Zug Izland is an American rock band from Detroit, Michigan, United States, currently signed to Psychopathic Records. The group sometimes refers to its fans as "zuggalos".

Background
Zug Izland formed in 2001, named after an industrial site near Detroit. The band was formed by Insane Clown Posse member Violent J (Joseph Bruce) and Mike Puwal, out of Bruce's love of rock music. Bruce wanted to know what a "Juggalo Rock" band would sound like. Zug Izland's songs were written and developed during the recording of Insane Clown Posse's album The Wraith: Shangri-La.

Bruce and Puwal completed the basic tracks for two songs, but still required a lead singer. Bruce wanted a singer similar to Kurt Cobain, Eddie Vedder, Jim Morrison or Axl Rose. Although Syn was sought by three other bands at the time, he joined Zug Izland as their official singer. The band broke onto the national competitive music scene in 2003 with their debut album, Cracked Tiles.

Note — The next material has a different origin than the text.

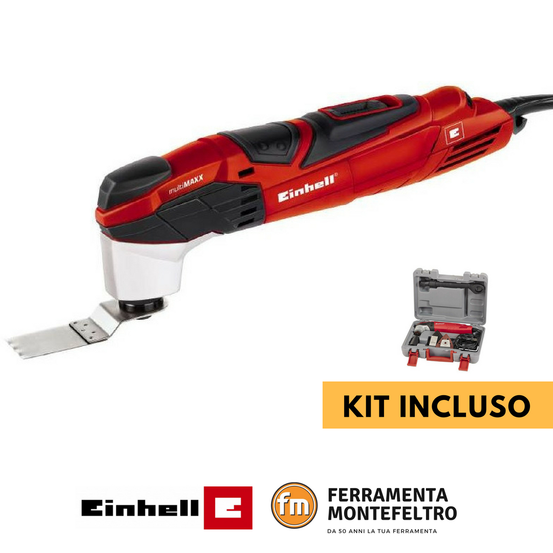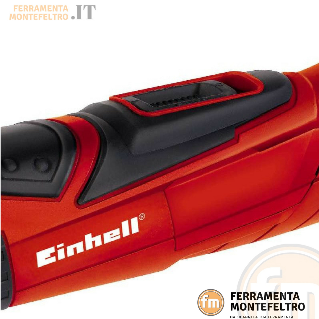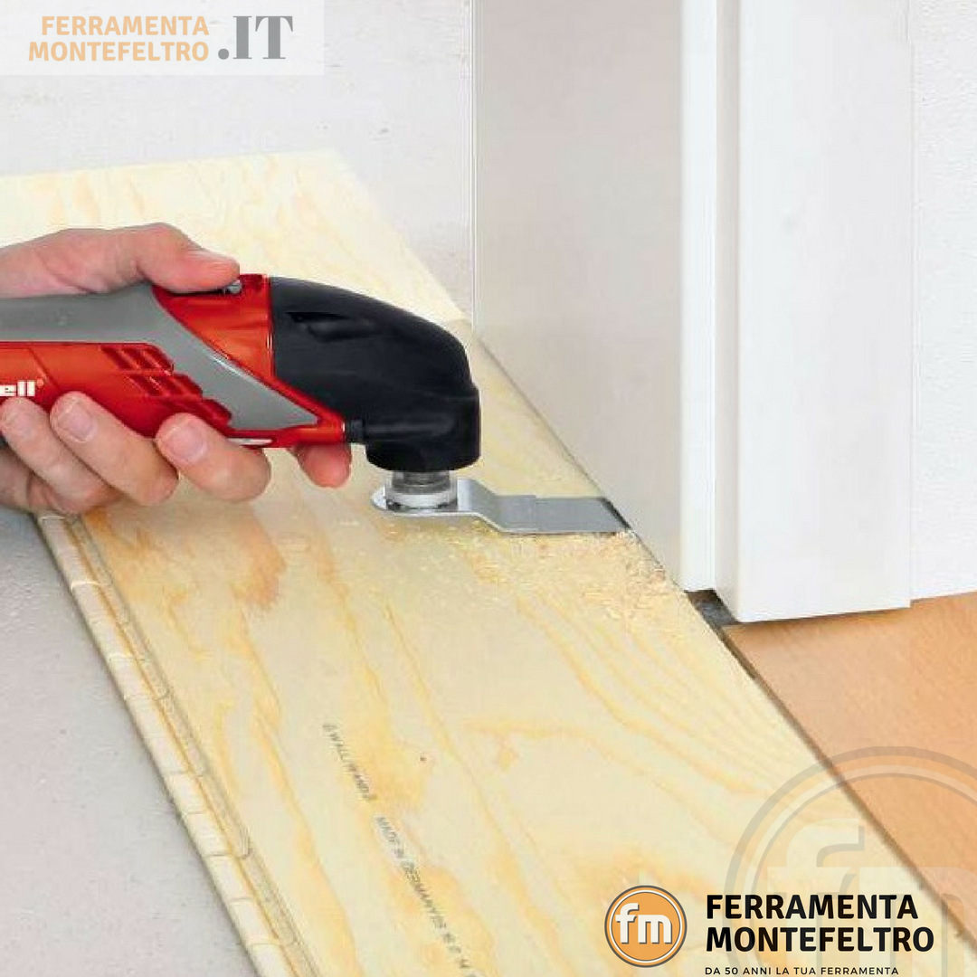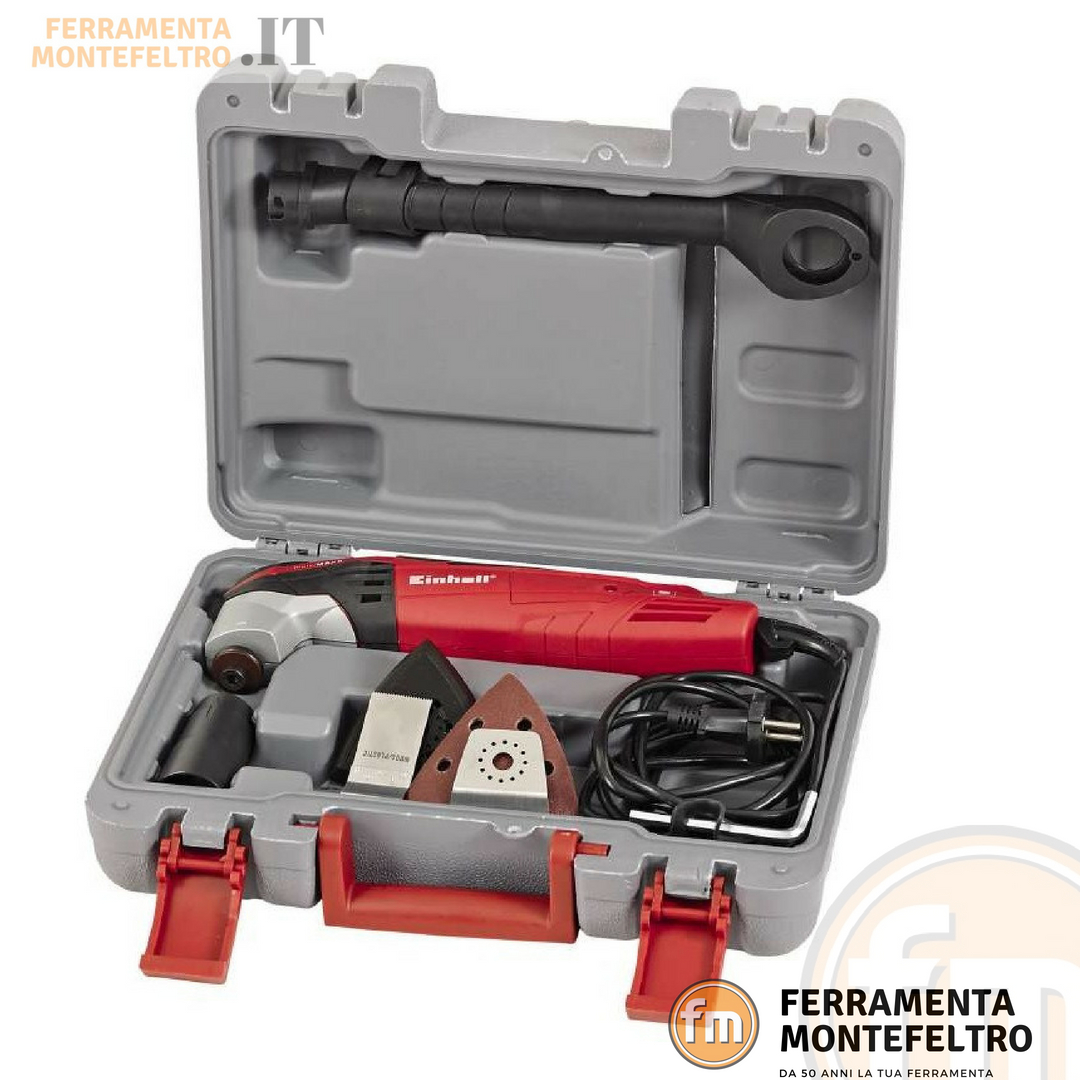 Il dispositivo multifunzione Einhell TC-MG-220/1 E permette di eseguire varie operazioni con un unico attrezzo. Che si tratti di levigare, raschiare o segare, grazie all'ampia dotazione gli appassionati del fai-da-te più ambiziosi hanno la possibilità di eseguire moltissimi lavori. La sostituzione degli accessori è veloce e facile grazie all'attacco magnetizzato con vite universale. Il TC-MG 220/1 E è dotato di portautensili a 4 punte e funziona con un potente motore da 220 Watt. L'elettronica veloce permette anche di adattare l'esecuzione dei lavori al materiale e al tipo di lavoro richiesto. L'impugnatura ergonomica antiscivolo garantisce sicurezza e rende più piacevole il lavoro grazie alla presa salda. Nella dotazione di consegna sono inclusi anche un platorello triangolare, 6 carta abrasiva (3*P60/3*P120), un raschietto e lama per sega da legno e plastica, un pratico aspiratore della polvere e chiave a brugola.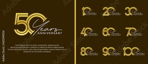 anniversary vector logo set, gold color and silver handwriting can be use for celebration

The album peaked at No. 48 on the Billboard Heatseekers chart and at No. 31 on the Top Independent Albums chart. Zug Izland released a follow-up album 3:33 the 1st of June 2004. It peaked at No. 26 on the Top Heatseekers chart and at No. 22 on the Top Independent Albums chart. The release of the 3:33 album amicably fulfilled Psychopathic Records contract with Zug Izland.

After parting ways with Psychopathic Records after the release of 3:33, Zug Izland began writing and recording songs for a new album entitled "Promised Land". The ill-fated album was never released however tracks 'Next To Me", "Lies" and "How Does it Feel" were released officially online with leaked songs "Promised land" and "Woke Up Screaming" surfacing online some time later. The Syn written and recorded "Chemical Girl" was also released via the official Zug Izland MySpace page, however it has also never featured on an album.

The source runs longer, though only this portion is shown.